Three bills have recently been signed into law by the Florida Governor that may be of particular interest to condominium, homeowners’ and cooperative associations. House Bill 73 becomes effective on July 1, 2013, and revises the Condominium, Homeowners’ Association and Cooperative Acts. House Bill 7119 becomes effective on July 1, 2013, and revises the Homeowners’ Association Act and Chapter 468 regarding community association managers. Senate Bill 120 became effective on June 6, 2013, and revises the Condominium Act (Chapter 718).
HOUSE BILL 73 – RELATING TO RESIDENTIAL PROPERTIES (EFFECTIVE JULY 1, 2013)
Phase II Firefighters’ Service
Phase II Firefighters’ Service upgrades on an elevator are postponed until the elevator is replaced or requires major modification.
HB 73 revises Section 718.111 to clarify that a condominium association’s obligation to repair items it insures is limited to “insurable events.”
HB 73 revises Section 718.111, Section 720.303 and Section 719.104 to require that associations permit a member or his or her authorized representative to use a portable device to make an electronic copy of official records in lieu of providing the member a copy of the official record and prohibits the association from charging for use of a portable device. HB 73 also revises Section 718.111 and Section 720.303 to permit a condominium association and homeowners’ association to print and distribute to owners a directory containing the name, unit address and telephone number of each owner. However, an owner may exclude his or her telephone number from the directory by directing such written request to the association.
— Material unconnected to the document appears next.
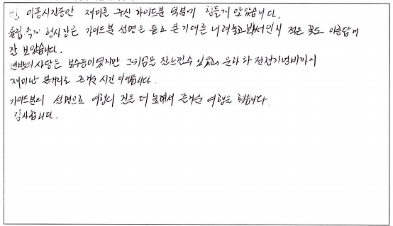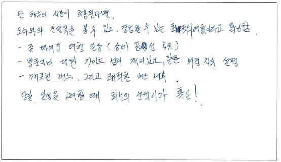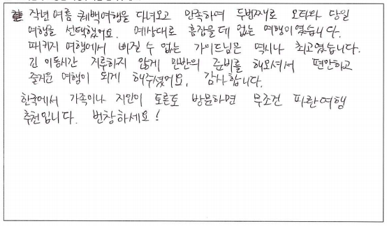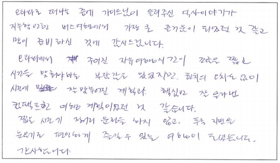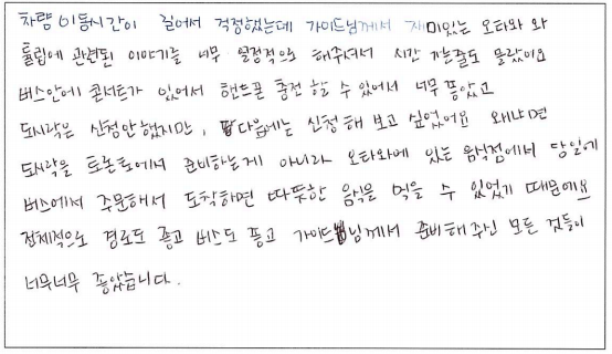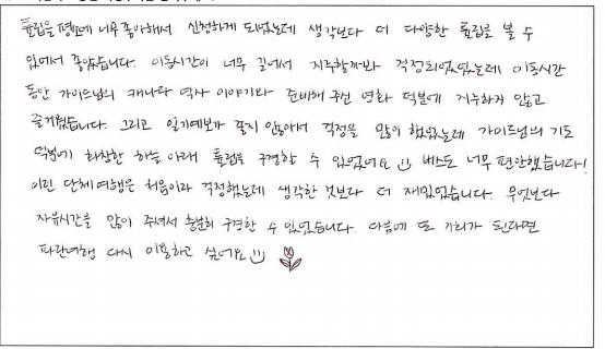 ![]() 단 하루의 시간이 허용된다면, 오타와의 진면목을 볼 수 있고, 경험할 수 있는 최적의 여행이었다고 확신함. -잘 짜여진 여행 일정(상세 동선 공유) -방문지에 대한 가이드 님의 재미있고 알찬 배경지식 설명 -깨끗한 버스, 그리고 쾌적한 버스 내부 당일 일정을 고려할 때 최선의 선택이라 확신! ![]() 튤립을 평소에 너무 좋아해서 신청하게 되었는데 생각보다 더 다양한 튤립을 볼 수 있어서 좋았습니다. 이동시간이 너무 길어서 지루할까봐 걱정되었었는데 이동시간 동안 가이드님의 캐나다 역사 이야기와 준비해 주신 영화 덕분에 지루하지 않고 즐거웠습니다. 그리고 일기예보가 좋지 않아서 걱정을 많이 했는데 가이드님의 기도 덕분에 화창한 하늘 아래 튤립을 구경할 수 있었어요 :) 버스도 너무 편안했습니다.! 이런 단체 여행은 처음이라 걱정했는데 생각한 것보다 더 재미있었습니다. 무엇보다 자유시간을 많이 주셔서 충분히 구경할 수 있었습니다. 다음에 또 기회가 된다면 파란여행 다시 이용하고 싶어요 :) ![]() 차량이동시간이 길어서 걱정했는데 가이드님께서 재미있는 오타와와 튤립에 관련된 이야기를 너무 열정적으로 해주셔서 시간 가는 줄도 몰랐어요. 버스안에 콘센트가 있어서 핸드폰 충전 할 수 있어서 너무 좋았고 도시락은 신청 안했지만, 다음에는 신청해 보고 싶었어요. 왜냐면 도시락을 토론토에서 준비하는게 아니라 오타와에 있는 음식점에서 당일에 버스에서 주문해서 도착하면 따뜻한 음식을 먹을 수 있었기 때문에요. 전체적으로 경로도 좋고 버스도 좋고 가이드님께서 준비해주신 모든 것들이 너무너무 좋았습니다. ![]() 큰 불편함없이 이동하였고 날씨 때문에 걱정했는데 날씨도 좋아서 너무 좋았습니다. 도시락을 구매하지 않았지만 먹어볼걸 후회가 되네요, 전날에 도시락 준비하느라 시간이.. 그냥 편히 여행다녀오려면 도시락도 괜찮은 듯 해요,. 사진 스팟도 잘 알려주시고 좋은 추억거리 많이 만들고 돌아갑니다. 가이드님 너무 재미있고 친절해서 모든것이 좋았습니다. ![]() 긴 이동시간동안 재미를 주신 가이드분 덕분에 힘들지 않았습니다. 튤립축제 행사장은 가이드분 설명을 듣고 큰 기대를 내려놓고 봐서인지 적은 꽃도 아름답게 잘 보았습니다. 연방의사당은 보수중이였지만 그 위엄을 잘 느낄 수 있었고 운하와 전정기념기까지 재미난 볼거리고 즐거운 시간이었습니다. 가이드분의 설명으로 여행의 질을 더 높혀서 즐거운 여행을 했습니다. 감사합니다. ![]() 안녕하세요, 오늘 처음으로 오타와 튤립 여행을 왔어요. 날씨가 비, 천둥이 있다고 해서 걱정을 많이 했는데 가이드 본드씨가 비를 안오게 해서 좋은 날 기분좋게 오타와 튤립축제를 보고 갑니다. 본드씨의 해박한 캐나다의 역사와 전설을 자세히 설명해 줌으로 역사를 좀 더 알고가는 기회가 됐구요, 캐나다 지폐에 나오는 인물들을 소개하고 지폐에 나오는 그림들을 자세히 설명해줌으로 새로운 지식을 터득하고 즐거운 하루가 되었습니다. 감사합니다. ![]() 2022. 5. 21 오타와 여행, 좋은 시간이었습니다. 가이드님이 캐나다의 돈의대해 설명해서 많이 배웠습니다. 똑똑한 가이드님의 설명에 국회의사당을 다시 배우고 공부했습니다. 튤립 구경의 아름다움, 멋진하루가 되었씁니다. 좋은 차에다 차분한 기사양반, 감사했습니다. 고맙습니다. ![]() 작년 여름 퀘벡여행을 다녀오고 만족하여 두번째로 오타와 당일 여행을 선택했어요. 예상대로 흠잡을데 없는 여행이었습니다. 패키지 여행에서 빠질 수 없는 가이드님은 역시나 최고였습니다. 긴 이동시간 지루하지 않게 만반의 준비를 해오셔서 편안하고 즐거운 여행이 되게 해주셨어요. 감사합니다. 한국에서 가족이나 지인이 토론토 방문하면 무조건 파란여행 추천입니다. 번창하세요! ![]() 오타와로 떠나는 중에 가이드님이 들려주신 역사 이야기가 지루할만한 버스여행에서 가장 큰 즐거움이 되었던것 같고 많이 준비하신 것에 감사드립니다. 오타와에서 주어진 자유여행 시간이 조금은 짧고 시간을 맞춰여 하는 부담감은 있었지만 한치의 오차도 없이 시간에 잘 맞추어진 계획과 핵심만 잘 골라낸 컴팩트한 여행 계획이었던것 같습니다. 짧은 시간에 장거리 운전을 하지 않고 푸른지면을 눈요기로 편안하게 즐길 수 있는 여행이 되었습니다. 감사합니다. |

In addition, Section 720.303 was revised to provide that personnel records of management company employees are not accessible for inspection and copying by owners. However, owners in a homeowners’ association can inspect and copy written employment agreements with a management company and any budgetary or financial records that indicate compensation paid to a management company employee.
HB 73 revises Section 718.111 and Section 720.303 with respect to financial reporting requirements. The financial thresholds for a compiled financial statement are now at least $150,000 in total annual revenue, but less than $300,000 (previously $100,000/$200,000). The reviewed financial statement requirement is now at least $300,000 in total annual revenue, but less than $500,000 (previously $200,000/$400,000). The audited financial statement requirement now applies to an association with total annual revenue of $500,000 or more (previously $400,000). An association with total annual revenue of less than $150,000 can prepare a report of cash receipts and expenditures (previously $100,000). An association that operates fewer than 50 units can prepare a cash receipts/expenditures report, regardless of total annual revenue (previously 75 units for condominium associations).
HB 73 revises Section 718.112 to permit staggered terms for directors if such provision is contained in the articles of incorporation (in addition to the bylaws). The prohibition on the use of a proxy in the election of directors is no longer applicable to a timeshare condominium association.
Any challenge to the election process in a condominium or homeowners’ association must be commenced within 60 days after the election results are announced. In a condominium association, a director’s written certification or educational certificate must be kept as part of the association’s official records for five years after the election, or the duration of the director’s uninterrupted tenure, whichever is longer.
A director in a condominium or homeowners’ association who has been recalled may file a petition with the Division of Florida Condominiums challenging the validity of the recall. The petition must be filed within 60 days after the recall is deemed certified. The Division may not accept any recall petition when there are 60 or fewer days until the scheduled reelection of the director the members seek to recall, or when 60 of fewer days have elapsed since the election of the director sought to be recalled.
Code-compliant doors and other types of hurricane protection are now treated the same as hurricane shutters, windows and impact glass for purposes of Sections 718.113 and 718.115.
The deadline by which all phases must be added to a condominium can be extended past seven years — see discussion in Senate Bill 120 below.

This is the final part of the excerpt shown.